SmartGaon Development Foundation
- Formation: 2017
- Founders: Rajnish Bajpai Yogesh Sahu
- Founded at: Mumbai, Maharashtra
- Type: Non-governmental organization
- Legal status: Active
- Purpose: Rural infrastructure development
- Headquarters: Mumbai
- Region served: India (Nationwide)
- Products: SmartGaon app
- Services: Digitization and development of rural areas of India
- Official language: Hindi/English
- Website: smartgaon.org

= SmartGaon =

Indian non-governmental organization

SmartGaon Development Foundation, commonly known as SmartGaon, is an Indian non-governmental organization, currently headquartered in Mumbai, India. The organization was founded by Rajnish Bajpai and Yogesh Sahu in 2017. SmartGaon undertakes digitization and development of rural infrastructure of India. The organization's initiatives also include comprehensive development of education in villages of India including farmer empowerment. SmartGaon's objectives have been acknowledged by Prime Minister of India, Narendra Modi during his nationwide public addressal program, Mann Ki Baat. The organization is in strategic support with Government of India's initiatives including Digital India, Swachh Bharat Mission, Make in India and Ministry of Environment, Forest and Climate Change.

==History and objective==
SmartGaon was founded in 2017, by Rajnish Bajpai, a software professional based in United States, and Yogesh Sahu, a Mumbai-based entrepreneur, with the main undertaking of improving quality of life in rural settlements of India. The organization also focuses on raising awareness about policies and scheme initiated by government to rural population of India. SmartGaon Development Foundation's major objectives are to assist villages in setting up sustainable digital infrastructure by providing urban amenities, advance agricultural equipments, digitization of rural area and setting up of virtual marketplace to procure better prices of crops to farmers. SmartGaon's etymology is derived from two words, SMART, an acronym for Social Security Schemes, Modern Urban Facilities, Adopting Smart Agricultural Practices Road, Infrastructure, and Transportation Facilities and Tech Savvy, and Gaon meaning village in Hindi.

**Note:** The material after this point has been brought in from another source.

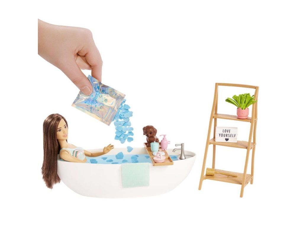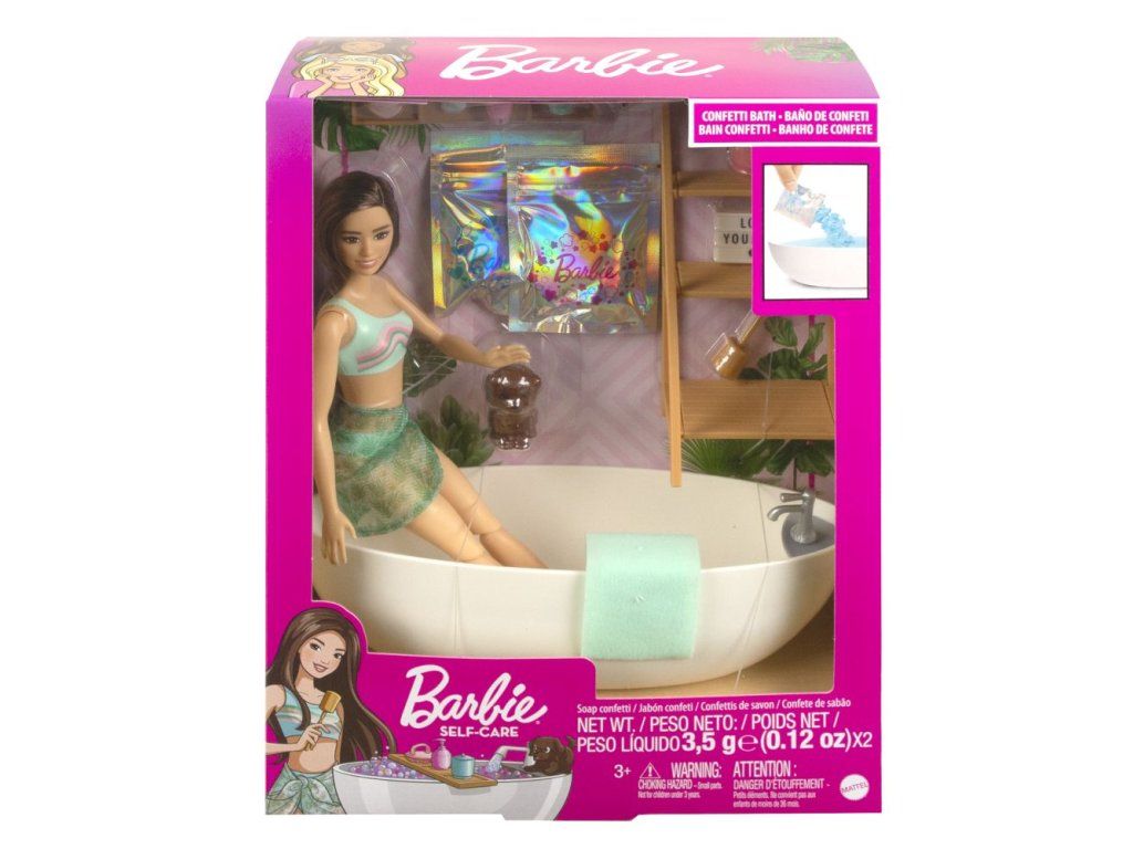 Tento herný set Barbie® Bábika a kúpeľ s mydlovými konfetami s vaňou a bábikou Barbie® obsahuje Barbie® bábiku oblečenú do plaviek s roztomilým sarongom, ktorá je polohovateľná a dodáva sa s množstvom doplnkov, ako sú vaňa a podnos, uterák, kefy, šteniatko a ďalšie . Súčasťou balenia sú dva vrecká konfetového mydla (ružové a modré), ktoré zmenia farbu vody vo vani! Bábika nevie samostatne stáť.Dodatočné parametre

In mid-2018, SmartGaon Development Foundation completed their first project in Taudhakpur, a remote village in Raebareli, by installing digitized public address systems, smart farming practices, mobile app facility in the form of SmartGaon App for global connectivity and other modern amenities. Taudhakpur has been deemed as the first "SmartGaon" (Smart village) of India. SmartGaon's other projects include Machandur in Durg district and Chinchani in Palghar district.

===SmartGaon app===
SmartGaon app is the flagship mobile application of SmartGaon Development Foundation. The app is developed by Rajnish Bajpai and Yogesh Sahu in late 2017. SmartGaon app allows connectivity of remote villages to urban world. The users are allowed to obtain all information related to the government's scheme and policies through the app. SmartGaon app monitors and updates all the initiatives undertaken by SmartGaon Development Foundation for the development of the villages. Gram Mart, another feature of SmartGaon app, is an online marketplace that permits villagers to buy and sell farm produce directly in the market, supporting fair trade between farmers. In July 2018, Prime Minister of India, Narendra Modi cited SmartGaon app's impact in rural development in his Mann Ki Baat radio address. Arun Singh, the current National General Secretary of Bharatiya Janata Party also regarded SmartGaon's influence on rural society of India to be positive.

===Programs===
- Digital Infrastructure Development - Digitization of villages by setting up Wi-Fi zones, computer lab, villagers addressing system, SmartGaon Mobile App and village website.
- Smart Village School Development - Development of education system in schools of villages by providing digital education facilities and other modern educational types of equipment.
- Community Infrastructure Development - Setting up public library, gym and yoga centers in villages with modern equipments.
- Smart Skills Development for Farmers - Educating farmers about Government's scheme and modern agricultural techniques along with smart training by agricultural scientists.